Treffer: Deep learning approach for classifying grazing behavior in yearling horses using triaxial accelerometer data: A pilot study.

Title:
Deep learning approach for classifying grazing behavior in yearling horses using triaxial accelerometer data: A pilot study.
Authors:
Kamiya U; School of Agriculture and Animal Science, Obihiro University of Agriculture and Veterinary Medicine, Obihiro, Hokkaido 080-8555, Japan., Kakiuchi K; School of Agriculture and Animal Science, Obihiro University of Agriculture and Veterinary Medicine, Obihiro, Hokkaido 080-8555, Japan., Kawamura K; Department of Agro-environmental Science, Obihiro University of Agriculture and Veterinary Medicine, Obihiro, Hokkaido 080-8555, Japan.

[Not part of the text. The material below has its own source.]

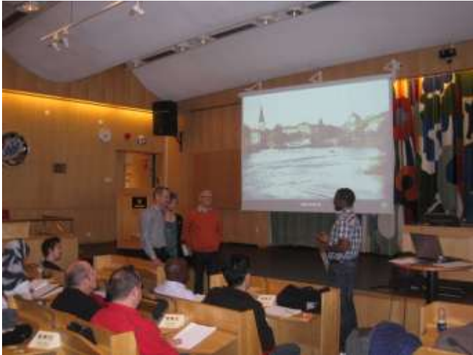
EE 2012B group visiting the Karlstad Kommun Advisory Center to learn about the energy efficiency strategies.

Year 2013 also saw the Regional phase of the WP2012B group in Chennai and Kanyakumari, India.

Electronic address: kamuken@obihiro.ac.jp., Ueda K; Research Faculty of Agriculture, Hokkaido University, Sapporo, Hokkaido 060-8589, Japan., Kawai M; Shizunai Livestock Farm, Field Science Center for Northern Biosphere, Hokkaido University, Shin-Hidaka, Hokkaido 056-0141, Japan., Matsui A; Equine Science Division, Hidaka Training and Research Center, Japan Racing Association, Hokkaido, 057-0171, Japan., Negishi N; Equine Science Division, Hidaka Training and Research Center, Japan Racing Association, Hokkaido, 057-0171, Japan.
Source:
Journal of equine veterinary science [J Equine Vet Sci] 2025 Dec; Vol. 155, pp. 105706. Date of Electronic Publication: 2025 Oct 01.
Publication Type:
Journal Article
Language:
English
Journal Info:
Publisher: Elsevier Country of Publication: United States NLM ID: 8216840 Publication Model: Print-Electronic Cited Medium: Internet ISSN: 0737-0806 (Print) Linking ISSN: 07370806 NLM ISO Abbreviation: J Equine Vet Sci Subsets: MEDLINE
Imprint Name(s):
Publication: 2003- : New York : Elsevier
Original Publication: [Wildomar, CA : William E. Jones, c1981-
Contributed Indexing:
Keywords: Accelerometry; Deep learning; Equine behavior; Pasture management; Precision livestock farming
Entry Date(s):
Date Created: 20251003 Date Completed: 20251205 Latest Revision: 20251205
Update Code:
20251206
DOI:
10.1016/j.jevs.2025.105706
PMID:
41043567
Database:
MEDLINE

Weitere Informationen

Background: Accurate monitoring of grazing behavior in horses is essential for pasture management and welfare evaluation; however, conventional observation methods are labor-intensive and lack temporal resolution.
Aims/objectives: This pilot study aimed to develop and validate a deep learning model using jaw-mounted accelerometer data to classify grazing and non-grazing behaviors in yearling horses under various pasture conditions.
Methods: Four yearling Thoroughbred horses were equipped with triaxle accelerometers mounted under their jaws. Data were recorded at 10 Hz (100 ms) during a 19 h free-grazing period in a 4.0 ha paddock. A total of 230,286 data points were annotated as grazing (G) or non-grazing (NG) using synchronized video observation. Three deep learning models-one-dimensional convolutional neural network (CNN), long short-term memory (LSTM), and combined CNN+LSTM-were trained and evaluated under varying sampling rates (100-10,000 ms) and time windows (5-60 s). Model performance was assessed using accuracy, F1 score, precision, recall, and area under the curve (AUC).
Results: The CNN+LSTM model demonstrated the highest classification performance with a test accuracy of 98.0 % and an AUC of 1.00. F1 scores were 0.99 for G and 0.97 for NG behavior. Across the full observational period, the proportion of grazing behavior was 58.3 % (±2.1 %). Spatial analysis revealed that grazing was concentrated along paddock peripheries, whereas non-grazing was more frequent in central zones.
Conclusion: A deep learning framework that combines CNN and LSTM can accurately classify grazing behavior in horses using jaw-mounted accelerometers. This non-invasive, high-resolution method offers a promising tool for automated behavioral monitoring in pasture-based systems.
(Copyright © 2025. Published by Elsevier Inc.)

Declaration of competing interest None of the authors has any financial or personal relationships that could inappropriately influence or bias the content of this paper.